Definition of the definition
Unless stated to the contrary, implied by the context, or conventional in the art, all parts and percentages are by weight and all test methods are current methods by the date of filing of the present disclosure.
As used herein, the term "composition" includes mixtures of materials that comprise the composition as well as reaction products and decomposition products formed from the composition materials. Any reaction products or decomposition products are generally present in trace or residual amounts.
The term "polymer" as used herein refers to a polymeric compound prepared by polymerizing the same or different types of monomers. Thus, the generic term polymer includes the term homopolymer (used to refer to polymers prepared from only one type of monomer, it being understood that trace amounts of impurities may be incorporated into the polymer structure) and the term interpolymer, as defined below. Trace impurities (e.g., catalyst residues) may be incorporated into and/or within the polymer. Typically, the polymer is stabilized with a very low amount ("ppm" amount) of one or more stabilizers, such as one or more antioxidants.
The term "interpolymer" as used herein refers to polymers prepared by the polymerization of at least two different types of monomers. The term interpolymer thus includes the term copolymer (used to refer to polymers prepared from two different types of monomers) and polymers prepared from more than two different types of monomers.
As used herein, the term "olefin-based polymer" refers to a polymer that comprises at least 50 weight percent or a majority weight percent of an olefin, such as ethylene or propylene (based on the weight of the polymer), in polymerized form and optionally may comprise one or more comonomers.
As used herein, the term "propylene-based polymer" refers to a polymer that comprises at least 50 weight percent or majority weight percent propylene (based on the weight of the polymer) in polymerized form and optionally may comprise one or more comonomers.
As used herein, the term "ethylene-based polymer" refers to a polymer that comprises at least 50 weight percent or majority weight percent ethylene (based on the weight of the polymer) in polymerized form and optionally may comprise one or more comonomers.

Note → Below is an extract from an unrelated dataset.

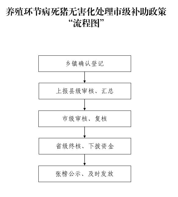 四、申报程序:乡镇政府将确认的上个月养殖环节病死猪无害化处理登记表报县级畜牧兽医主管部门,县级畜牧兽医主管部门会同同级财政部门汇总、审核、登记造册,附连同死亡率超过正常范围的养殖场的书面说明,逐级上报农业农村和财政部门。省、市两级分别对市、县汇总上报的数据进行审核把关,对发现存在数据不合理的地区进行复查,确认无误的纳入补助范围。

As used herein, the term "ethylene/a-olefin interpolymer" refers to a random interpolymer comprising, in polymerized form, at least 50 weight percent or majority weight percent ethylene (based on the weight of the interpolymer) and a-olefin.
As used herein, the term "ethylene/a-olefin copolymer" refers to a random copolymer comprising, in polymerized form, at least 50 weight percent or a major amount of ethylene monomer (based on the weight of the copolymer) and a-olefin as the only two monomer types.
As used herein, the term "ethylene/a-olefin multi-block interpolymer" refers to a multi-block interpolymer that comprises, in polymerized form, at least 50 weight percent, or a majority weight percent, of ethylene (based on the weight of the interpolymer) and a-olefin. As used herein, the term "ethylene/a-olefin multiblock copolymer" refers to a multiblock copolymer that comprises, in polymerized form, at least 50 weight percent or a majority weight percent of ethylene monomer (based on the weight of the copolymer) and a-olefin as the only two monomer types. See also the previous discussion.
The phrase "majority weight percent" as used herein with respect to a polymer (or interpolymer or terpolymer or copolymer) refers to the amount of monomer present in the greatest amount in the polymer.
As used herein, the term "heat treatment (THERMALLY TREATING, THERMAL TREATMENT)" and similar terms with respect to a composition refer to the application of heat to the composition. Heat may be applied by electrical means (e.g., heating coils) and/or by radiation and/or by hot oil and/or by mechanical shearing. Note that the temperature at which the heat treatment is performed refers to the temperature of the composition (e.g., the melting temperature of the composition).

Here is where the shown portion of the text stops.